Now, since you refill your lungs underwater from this pony bottle, you will have to keep in mind that you have to exhale on the ascend, or you are guaranteed a barotrauma. I have been offered a buddy air from scuba divers a few times, while I am freediving. I always refuse, because I am scared how I can forget, mix up with these two completely different disciplines and get into trouble. To toy around with scuba, you are better off getting full on PADI certification and a proper gear.

I know some spearfishers (Bill comes to mind) use spare air or similarly small tank to deal with complicated cases like tangled up gear and such, but not for actual hunting. If you want to stack up a few such pony bottles to get deeper, you will be ascending too often and too quick for any nitrogen tissue load calculator to keep you safe.

And lastly, considering the price of that korkel-snorkel , you can get certified and buy your regulator and bcd and other bits and pieces and will be still ahead financially.
 
Now for the question, why would you want to use something like this for spearfishing?
So the skorkl -claims- 10 minutes of air. That is, if you fill it from a scuba tank. (No, a home-compressor won't do as that air has water and remains of the compressor's oil and grease in it. Ask any car-painter about how nice air straight from the machine is.)
If you would take air from a scuba tank, then why not dive with the big tank instead?
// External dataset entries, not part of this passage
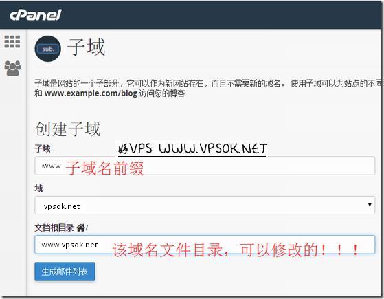 接下来我们再看看子域,关于什么是子域名我在文章开头特别说了,本文所使用的主机主域名是vpsaa.com,这里添加一个前缀为clients的子域名,我们在该功能页面子域框里输入前缀,域中可选择域名,如果我们主机中有附加域这里是可选的,文档根目录下面截图一样是自动生成的,也可以修改,可以修改!!!至于该子域名的文件放哪里,同上,文档根目录就是给你放网站文件的!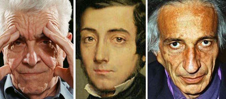 Mais cet environnement culturel, jouant le rôle de tiers arbitrant la confrontation des doubles, s’entend dans une dimension plus vaste encore, littéralement historique, dont Tocqueville nous a révélé les arcanes. Il a profondément marqué la pensée de René Girard : « [Tocqueville] explique grosso modo qu’au moment de la Révolution des milliers de jeunes gens ont pensé qu’en abattant le roi, ils abattaient l’obstacle qui les empêchait d’ « être » celui qui avait pris leur place. Ils croyaient alors qu’ils allaient tous « être », et ils ne se rendaient pas compte que cet obstacle unique, lointain, relativement anodin, serait remplacé par tous les petits obstacles que chacun serait dorénavant pour tous les autres. C’est donc le passage du courtisan heureux, qui rit et s’amuse –parce que pour Stendhal, l’Ancien Régime, c’est le rire –, à la vanité triste. La Révolution, c’est la naissance du monde balzacien, où chacun est le rival de l’autre. Il y a là une découverte profonde et qui a nourri tout mon travail [4]. »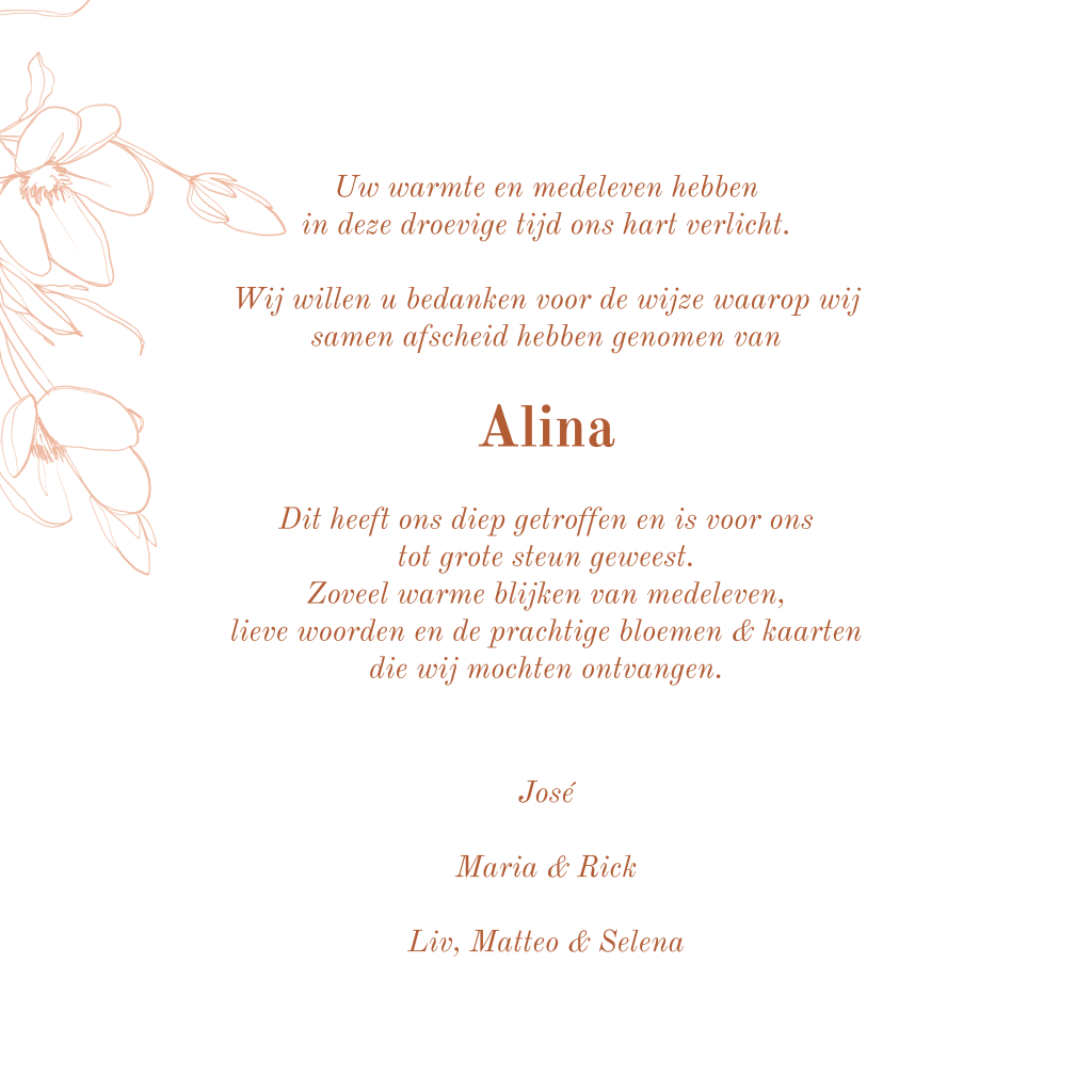 Dankbetuiging bedankkaart na overlijden met bloemen in terra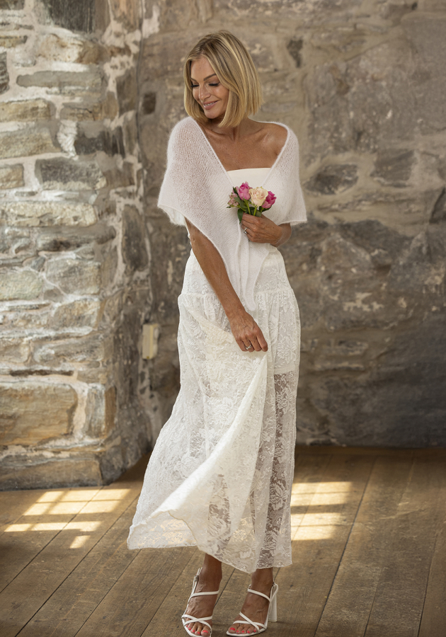 Modellen strikkes nedfra og op i 2 tråd kid silk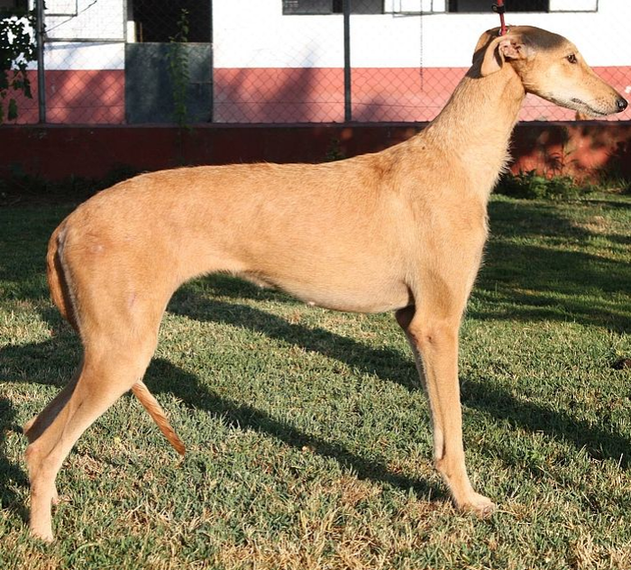 ‘also the ancient Egyptian sighthound had large prick ears; body and tail are similar at both dogs. The ancient Egyptian sighthound often curled their tail; the Balearic dog does the same if it is in relaxed mood. But how did this Pharaonenhund come to the Balearic islands? He might have come through Greek influence; we see him also on ancient Sicilian coins. But more likely, the Carthagians have imported him to Ibiza, which came under their rule very early.’ (v. Muralt, ‘Jagdkynologisches von den Balearen’. article in ‘Hundesport und Jagd’, Nr. 33, Zurich 1906)

And spearfishing on scuba... Well even though it's legal in the UK (it is, right?), I would advise against it until you made a enough dives that people regard you as a master. Scuba diving itself is complex enough without a gun, and when stuff goes wrong you can't just bolt to the surface.

But, 10 minutes of air! Yes, and after that your dive session is over. You must be very lucky to find a good fish within 10 minutes.
If you would spearfish on breathhold however, you could dive from sunrise to sunset. Even if you can only hold your breath in the water for 30 seconds, your total bottom time would far exceed the bottom time on compressed air.

Most of my own dives are somewhere between 30s and 1 minute, but I make many of them. On a long summer day this can add up to a few hours of bottom time.